Task prompt
An exact copy of all the data is needed, with every picture left out.

Input data

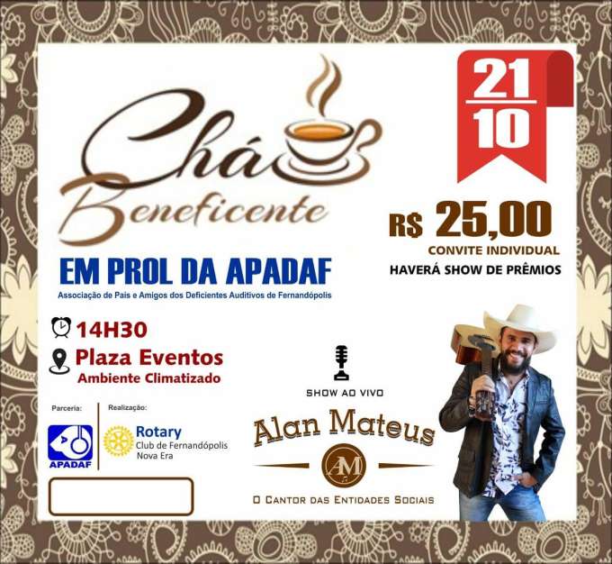 Chá Beneficente em prol a APADAF acontece no dia 21 de outubro
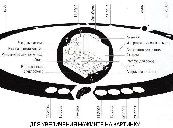 Казалось бы, полное фиаско, но упрямые японцы не привыкли сдаваться. Контакт с «Хаябусой» восстановили через несколько дней по аварийному каналу — периодически включая и выключая передатчик. На помощь японским коллегам пришла сеть дальней космической связи NASA. Ее мощный 70-метровый радиотелескоп позволил в несколько раз поднять скорость обмена информацией. Так, по одному биту, можно сказать, морзянкой, на борт передали новую программу управления ориентацией аппарата с помощью вовсе для этого не предназначенных устройств — нейтрализаторов ионных двигателей.
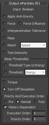The History-Dependent and Execution/Priority Order settings at the end of the Output mParticles rollout are the same as with any regular Output suboperator; for details, see Priority and Execution Order.
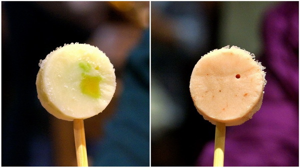 用不了幾分鐘,這些丸子就吸附了麻辣鍋的顏色與香氣。
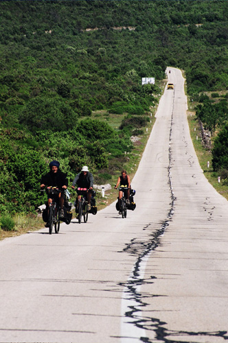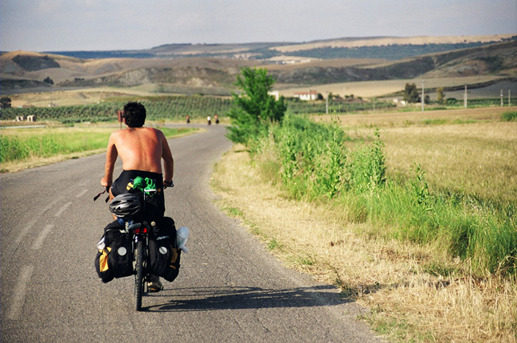 Le voyage à vélo? Premièrement, c’est un défi avec soi-même. Dur de réaliser qu’on va pouvoir faire 2500 kilomètres le cul sur une selle. Pourtant, une fois lancé, on accepte vite cette idée. Deuxièmement, on découvre les petits inconvénients du vélo (l’effort et les crevaisons) mais c’est sans compter ses avantages indéniables, notamment la dimension sportive du voyage et la vitesse réduite. On apprécie mieux le paysage à 25km/h. On l’observe en détails, on ne loupe rien ou presque. On peut s’arrêter à tous moments, éviter les embouteillages, emprunter les pistes, déboucher sur une crique perdue, se perdre dans la nature et tout de même réaliser des étapes quotidiennes de 50 à 100 kilomètres. On avance à un nouveau rythme, le sien.
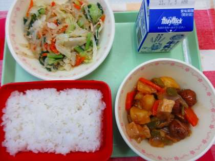 【献立】ごはん 牛乳 肉団子の甘酢あん 中華サラダ
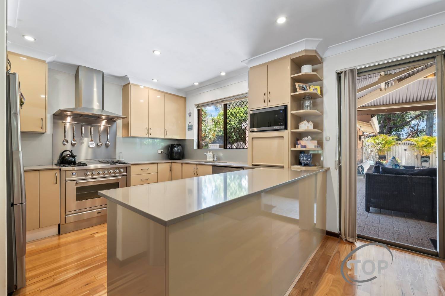 Stunning renovated kitchen features breakfast bar, gas cook top, dishwasher, range hood & stone bench top

Solution
 Chá Beneficente em prol a APADAF acontece no dia 21 de outubro
 Казалось бы, полное фиаско, но упрямые японцы не привыкли сдаваться. Контакт с «Хаябусой» восстановили через несколько дней по аварийному каналу — периодически включая и выключая передатчик. На помощь японским коллегам пришла сеть дальней космической связи NASA. Ее мощный 70-метровый радиотелескоп позволил в несколько раз поднять скорость обмена информацией. Так, по одному биту, можно сказать, морзянкой, на борт передали новую программу управления ориентацией аппарата с помощью вовсе для этого не предназначенных устройств — нейтрализаторов ионных двигателей.
The History-Dependent and Execution/Priority Order settings at the end of the Output mParticles rollout are the same as with any regular Output suboperator; for details, see Priority and Execution Order.
 用不了幾分鐘,這些丸子就吸附了麻辣鍋的顏色與香氣。
 Le voyage à vélo? Premièrement, c’est un défi avec soi-même. Dur de réaliser qu’on va pouvoir faire 2500 kilomètres le cul sur une selle. Pourtant, une fois lancé, on accepte vite cette idée. Deuxièmement, on découvre les petits inconvénients du vélo (l’effort et les crevaisons) mais c’est sans compter ses avantages indéniables, notamment la dimension sportive du voyage et la vitesse réduite. On apprécie mieux le paysage à 25km/h. On l’observe en détails, on ne loupe rien ou presque. On peut s’arrêter à tous moments, éviter les embouteillages, emprunter les pistes, déboucher sur une crique perdue, se perdre dans la nature et tout de même réaliser des étapes quotidiennes de 50 à 100 kilomètres. On avance à un nouveau rythme, le sien.
 【献立】ごはん 牛乳 肉団子の甘酢あん 中華サラダ
 Stunning renovated kitchen features breakfast bar, gas cook top, dishwasher, range hood & stone bench top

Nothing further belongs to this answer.